- **DIRECTIONS FOR THIS TASK**: Reproduce the full listing as it stands. Images do not belong in the copy.

- **GIVEN DATA**:
————————

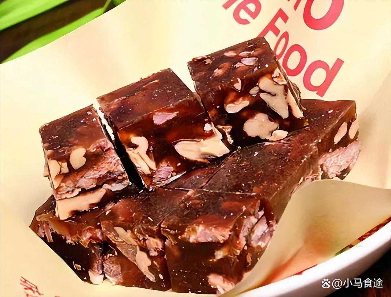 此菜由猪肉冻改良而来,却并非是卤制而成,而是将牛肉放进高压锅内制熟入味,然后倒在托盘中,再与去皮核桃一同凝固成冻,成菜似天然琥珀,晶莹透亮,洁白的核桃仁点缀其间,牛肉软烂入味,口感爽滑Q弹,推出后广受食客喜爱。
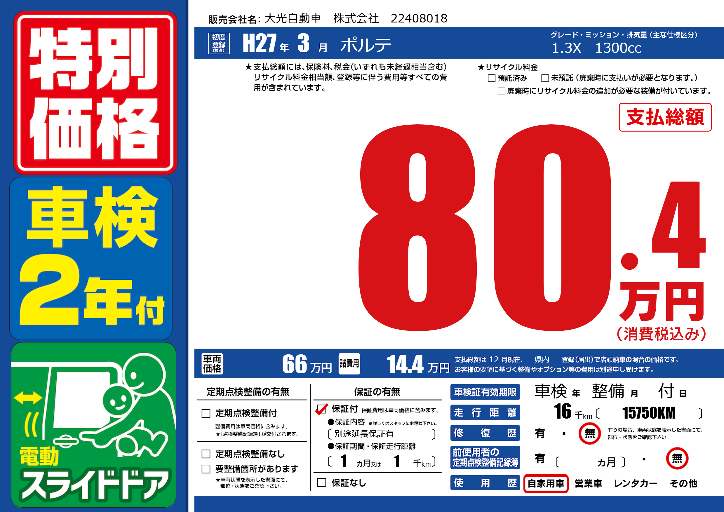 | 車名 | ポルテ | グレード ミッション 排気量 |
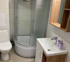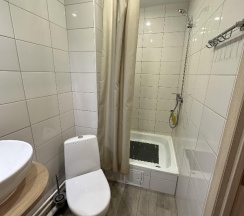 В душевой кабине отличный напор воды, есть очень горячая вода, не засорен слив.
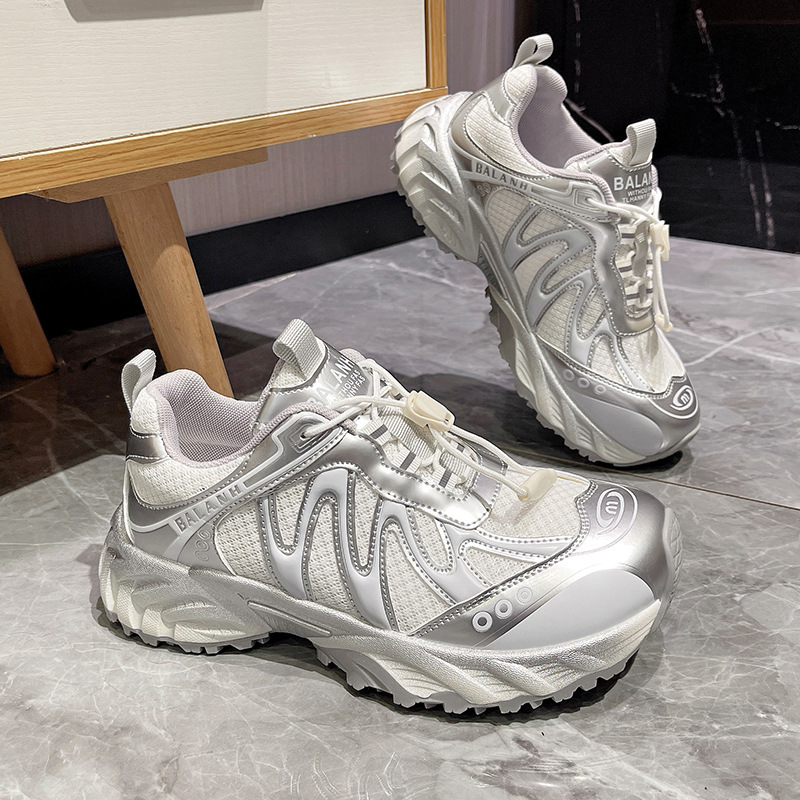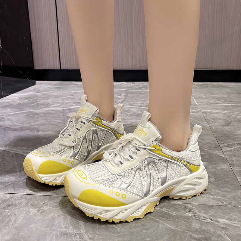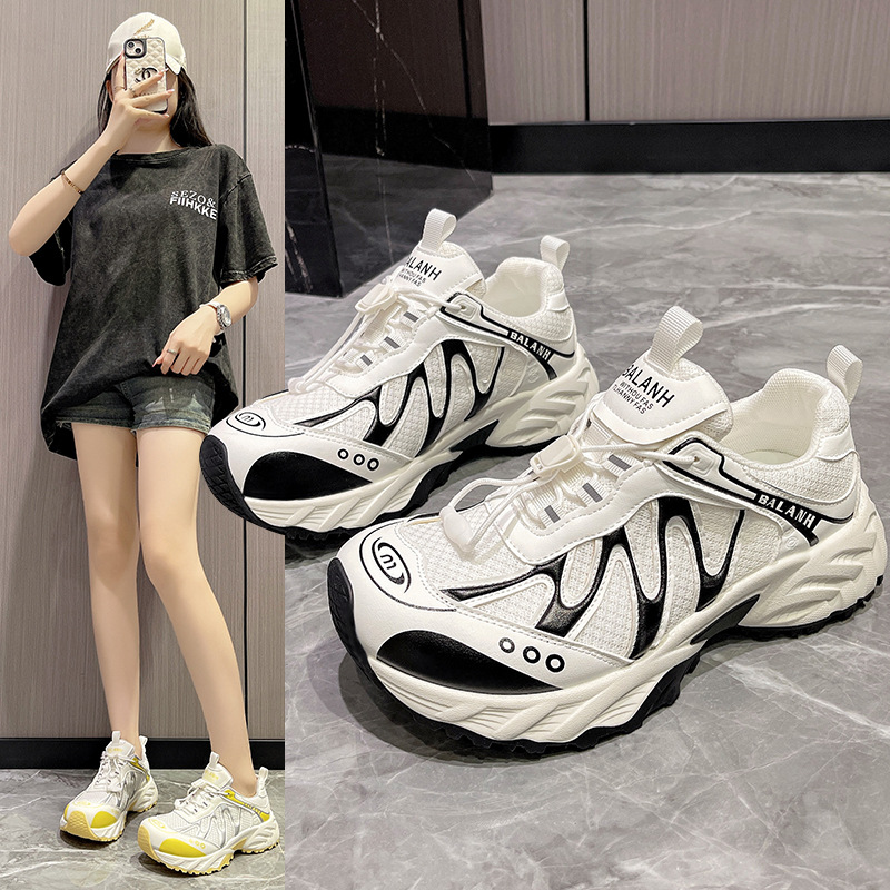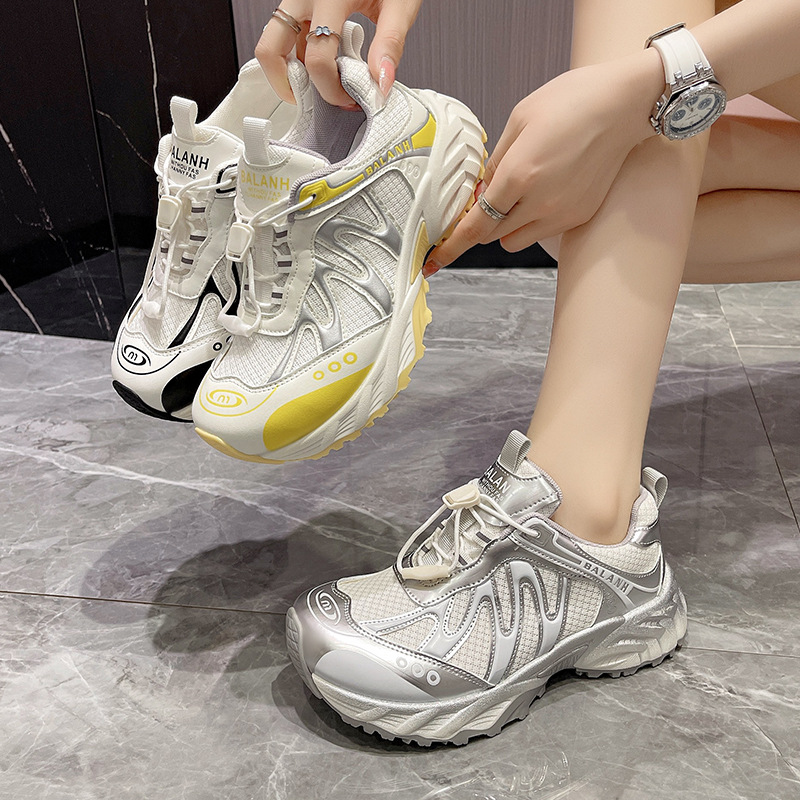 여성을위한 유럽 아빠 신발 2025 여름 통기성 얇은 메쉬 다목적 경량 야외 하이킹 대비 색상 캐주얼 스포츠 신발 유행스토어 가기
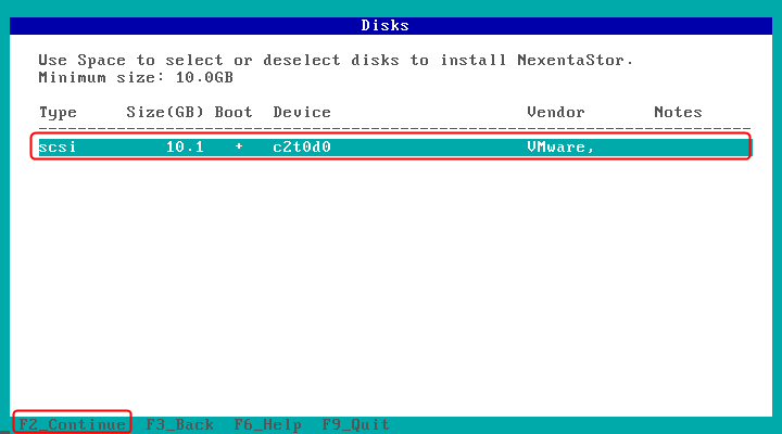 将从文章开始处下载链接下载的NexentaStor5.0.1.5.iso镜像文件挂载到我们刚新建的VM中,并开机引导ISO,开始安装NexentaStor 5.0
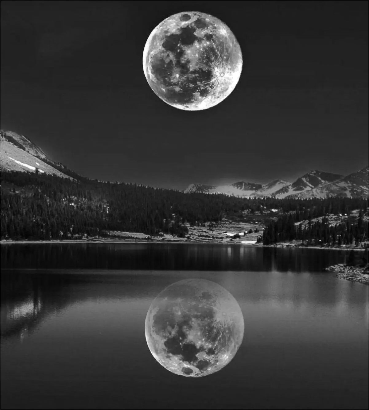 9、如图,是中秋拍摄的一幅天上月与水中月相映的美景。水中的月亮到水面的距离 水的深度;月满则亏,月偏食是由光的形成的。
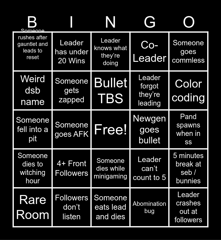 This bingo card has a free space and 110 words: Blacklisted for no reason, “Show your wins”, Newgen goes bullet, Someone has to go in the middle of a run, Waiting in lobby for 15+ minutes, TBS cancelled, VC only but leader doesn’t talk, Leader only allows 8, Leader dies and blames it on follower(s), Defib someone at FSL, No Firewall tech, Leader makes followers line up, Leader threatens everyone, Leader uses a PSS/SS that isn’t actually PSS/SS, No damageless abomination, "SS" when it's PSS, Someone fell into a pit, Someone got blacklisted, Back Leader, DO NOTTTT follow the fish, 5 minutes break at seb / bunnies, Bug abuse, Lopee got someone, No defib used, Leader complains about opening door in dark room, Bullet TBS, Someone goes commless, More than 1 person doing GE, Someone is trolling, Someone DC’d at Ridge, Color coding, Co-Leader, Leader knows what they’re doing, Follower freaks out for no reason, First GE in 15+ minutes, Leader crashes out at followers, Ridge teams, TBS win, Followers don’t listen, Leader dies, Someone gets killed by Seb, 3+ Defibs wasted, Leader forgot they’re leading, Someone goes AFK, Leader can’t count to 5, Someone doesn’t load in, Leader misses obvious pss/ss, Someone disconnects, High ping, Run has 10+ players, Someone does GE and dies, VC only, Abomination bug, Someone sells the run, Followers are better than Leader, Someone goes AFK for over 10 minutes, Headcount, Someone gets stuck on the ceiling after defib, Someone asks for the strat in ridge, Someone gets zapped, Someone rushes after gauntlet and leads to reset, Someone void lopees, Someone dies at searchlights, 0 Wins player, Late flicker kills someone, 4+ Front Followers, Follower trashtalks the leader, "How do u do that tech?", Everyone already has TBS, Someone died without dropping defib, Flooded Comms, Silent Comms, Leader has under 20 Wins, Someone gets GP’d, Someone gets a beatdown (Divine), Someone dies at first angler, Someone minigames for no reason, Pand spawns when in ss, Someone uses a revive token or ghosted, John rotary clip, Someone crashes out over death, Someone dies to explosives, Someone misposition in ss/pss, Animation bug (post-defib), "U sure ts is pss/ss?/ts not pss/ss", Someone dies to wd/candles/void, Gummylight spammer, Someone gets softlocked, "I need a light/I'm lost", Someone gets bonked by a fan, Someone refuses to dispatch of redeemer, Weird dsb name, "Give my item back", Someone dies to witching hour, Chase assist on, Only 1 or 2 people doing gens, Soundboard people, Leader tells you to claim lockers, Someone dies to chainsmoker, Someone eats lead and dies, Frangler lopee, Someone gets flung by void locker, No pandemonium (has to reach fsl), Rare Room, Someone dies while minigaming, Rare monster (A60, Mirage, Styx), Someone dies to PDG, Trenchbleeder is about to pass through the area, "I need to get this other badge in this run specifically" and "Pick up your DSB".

————————

- **RESPONSE TO THIS TASK**:
 此菜由猪肉冻改良而来,却并非是卤制而成,而是将牛肉放进高压锅内制熟入味,然后倒在托盘中,再与去皮核桃一同凝固成冻,成菜似天然琥珀,晶莹透亮,洁白的核桃仁点缀其间,牛肉软烂入味,口感爽滑Q弹,推出后广受食客喜爱。
 | 車名 | ポルテ | グレード ミッション 排気量 |
 В душевой кабине отличный напор воды, есть очень горячая вода, не засорен слив.
 여성을위한 유럽 아빠 신발 2025 여름 통기성 얇은 메쉬 다목적 경량 야외 하이킹 대비 색상 캐주얼 스포츠 신발 유행스토어 가기
 将从文章开始处下载链接下载的NexentaStor5.0.1.5.iso镜像文件挂载到我们刚新建的VM中,并开机引导ISO,开始安装NexentaStor 5.0
 9、如图,是中秋拍摄的一幅天上月与水中月相映的美景。水中的月亮到水面的距离 水的深度;月满则亏,月偏食是由光的形成的。
 This bingo card has a free space and 110 words: Blacklisted for no reason, “Show your wins”, Newgen goes bullet, Someone has to go in the middle of a run, Waiting in lobby for 15+ minutes, TBS cancelled, VC only but leader doesn’t talk, Leader only allows 8, Leader dies and blames it on follower(s), Defib someone at FSL, No Firewall tech, Leader makes followers line up, Leader threatens everyone, Leader uses a PSS/SS that isn’t actually PSS/SS, No damageless abomination, "SS" when it's PSS, Someone fell into a pit, Someone got blacklisted, Back Leader, DO NOTTTT follow the fish, 5 minutes break at seb / bunnies, Bug abuse, Lopee got someone, No defib used, Leader complains about opening door in dark room, Bullet TBS, Someone goes commless, More than 1 person doing GE, Someone is trolling, Someone DC’d at Ridge, Color coding, Co-Leader, Leader knows what they’re doing, Follower freaks out for no reason, First GE in 15+ minutes, Leader crashes out at followers, Ridge teams, TBS win, Followers don’t listen, Leader dies, Someone gets killed by Seb, 3+ Defibs wasted, Leader forgot they’re leading, Someone goes AFK, Leader can’t count to 5, Someone doesn’t load in, Leader misses obvious pss/ss, Someone disconnects, High ping, Run has 10+ players, Someone does GE and dies, VC only, Abomination bug, Someone sells the run, Followers are better than Leader, Someone goes AFK for over 10 minutes, Headcount, Someone gets stuck on the ceiling after defib, Someone asks for the strat in ridge, Someone gets zapped, Someone rushes after gauntlet and leads to reset, Someone void lopees, Someone dies at searchlights, 0 Wins player, Late flicker kills someone, 4+ Front Followers, Follower trashtalks the leader, "How do u do that tech?", Everyone already has TBS, Someone died without dropping defib, Flooded Comms, Silent Comms, Leader has under 20 Wins, Someone gets GP’d, Someone gets a beatdown (Divine), Someone dies at first angler, Someone minigames for no reason, Pand spawns when in ss, Someone uses a revive token or ghosted, John rotary clip, Someone crashes out over death, Someone dies to explosives, Someone misposition in ss/pss, Animation bug (post-defib), "U sure ts is pss/ss?/ts not pss/ss", Someone dies to wd/candles/void, Gummylight spammer, Someone gets softlocked, "I need a light/I'm lost", Someone gets bonked by a fan, Someone refuses to dispatch of redeemer, Weird dsb name, "Give my item back", Someone dies to witching hour, Chase assist on, Only 1 or 2 people doing gens, Soundboard people, Leader tells you to claim lockers, Someone dies to chainsmoker, Someone eats lead and dies, Frangler lopee, Someone gets flung by void locker, No pandemonium (has to reach fsl), Rare Room, Someone dies while minigaming, Rare monster (A60, Mirage, Styx), Someone dies to PDG, Trenchbleeder is about to pass through the area, "I need to get this other badge in this run specifically" and "Pick up your DSB".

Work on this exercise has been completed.